The present invention also relates to a method for conversion between the electrical and, respectively, aeraulic forms of energy.
Such a device makes it possible to convert electrical energy easily and efficiently into stored aeraulic energy and vice versa in order to be distributed over the grid. The invention applies in particular to the field of the conversion of electrical energy and the storage thereof once converted into a form capable of long-term storage, in this case the form of compressed air.
The production of electricity is a vital issue of our time. Production technologies based on renewable energy sources have been developed, on the one hand, to diversify the sources for supplying energy and, on the other hand, to produce electrical energy in an ecological manner. However, the need of consumers for electricity does not necessarily coincide with the production of electricity from renewable sources such as solar or wind power. The problem then arises of storing the electrical energy when it cannot be consumed directly by the consumers via the electrical distribution grid. Now electricity can only be stored when converted into another form of energy, then it has to be converted back into electricity when released in order to supply power to the electrical distribution grid when the latter demands it. These essential transformations between forms of energy are subject to energy losses, which should be minimized.
Different energy conversion and storage devices are known, in which the electrical energy is converted then stored in the form of compressed air. The electricity typically originating from solar panels or wind turbines is conveyed to a device located partially on the surface of an aquatic environment and partially submerged in said aquatic environment. The transformation of the electrical energy is carried out using this electricity as an energy source for compressing air, which is sent into a reservoir kept under substantially constant pressure owing to the hydrostatic pressure prevailing at the submerged depth of the reservoir. For the compression, rather than using a compressor driven directly by an electric motor, a system for pumping a liquid which fills, from below, a conversion chamber in which the air to be compressed is trapped in the upper part is preferably used. This manner of compression has the advantage of being quasi-isothermal. The liquid originates from an external environment such as the aquatic environment or originates from a reservoir. The trapped air is compressed up to a predetermined pressure by pumping liquid into the conversion chamber, the liquid forming a liquid piston for compression. The compressed air is then transferred to the reservoir for storing compressed air. Then the liquid is replaced with low-pressure air in the conversion chamber and a new conversion cycle can begin.
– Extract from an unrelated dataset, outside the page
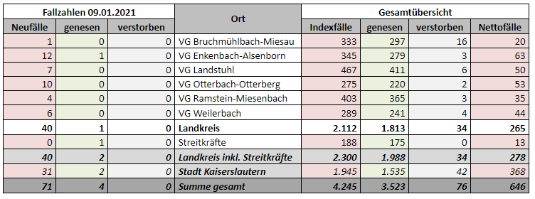 4.245 Indexfälle in Stadt und Landkreis, 3.523 genesenen Personen, 76 Todesfälle, 09.01.2021.

When the grid demands electrical energy, the energy stored in the form of compressed air is converted back into electricity. The compressed air of the storage reservoir is transferred to the conversion chamber initially filled with liquid. The compressed air expands in the conversion chamber and pushes the liquid through a dynamo-hydraulic machine, such as a turbine, coupled to an electric generator supplying power to the grid.
However, these devices are deficient in terms of efficiency. The pumps and the turbines work under a very small pressure difference at the start of pumping and at the end of turbining, and thus have to ensure a very high throughput in order for their power to be significant. Conversely, at the end of pumping and at the start of turbining, the difference between the high and the low pressure of the pump or the turbine is great and therefore the throughput is much lower, for a given electrical power. The dynamo-hydraulic machines (pumps or turbines or reversible pump-turbines) cannot be optimized for all of these very varied operating conditions.
The problem is complicated by the need for the conversion of electrical energy into another form or vice versa to be carried out, from an electrical point of view, at a power that fluctuates as little as possible, so as to facilitate the taking or returning of the electrical energy from or to the grid.
The article “Le stockage hydropneumatique d'énergie HyPES” [Hydro-pneumatic energy storage, HyPES] by Dr. Sylvain LEMOFOUET and Prof. Alfred RUFER, Bulletin 9/2011 Electrosuisse pages 38 to 42, describes a mechanical-pneumatic conversion device having a hydropneumatic system comprising several stages with different cylinder capacities. “Each stage is essentially constituted by a hydraulic motor pump with variable throughput, a hydraulic directional module and a compression/expansion chamber with integrated heat exchanger.” This device comprises many elements, its price and maintenance are relatively high, and it is complex to install.
The purpose of the present invention is to overcome, completely or partially, at least one of the above-described problems through a novel device for converting electrical energy into pneumatic energy and vice versa.
A purpose of the invention is to produce a device with a good cost-efficiency ratio.
Another purpose of the invention is to limit the energy losses.
Another purpose of the invention is to propose a device providing electrical energy in such a way that the power fluctuation due to the mode of conversion is small.
Yet another purpose of the invention is to propose a machine comprising a reduced number of parts and/or components.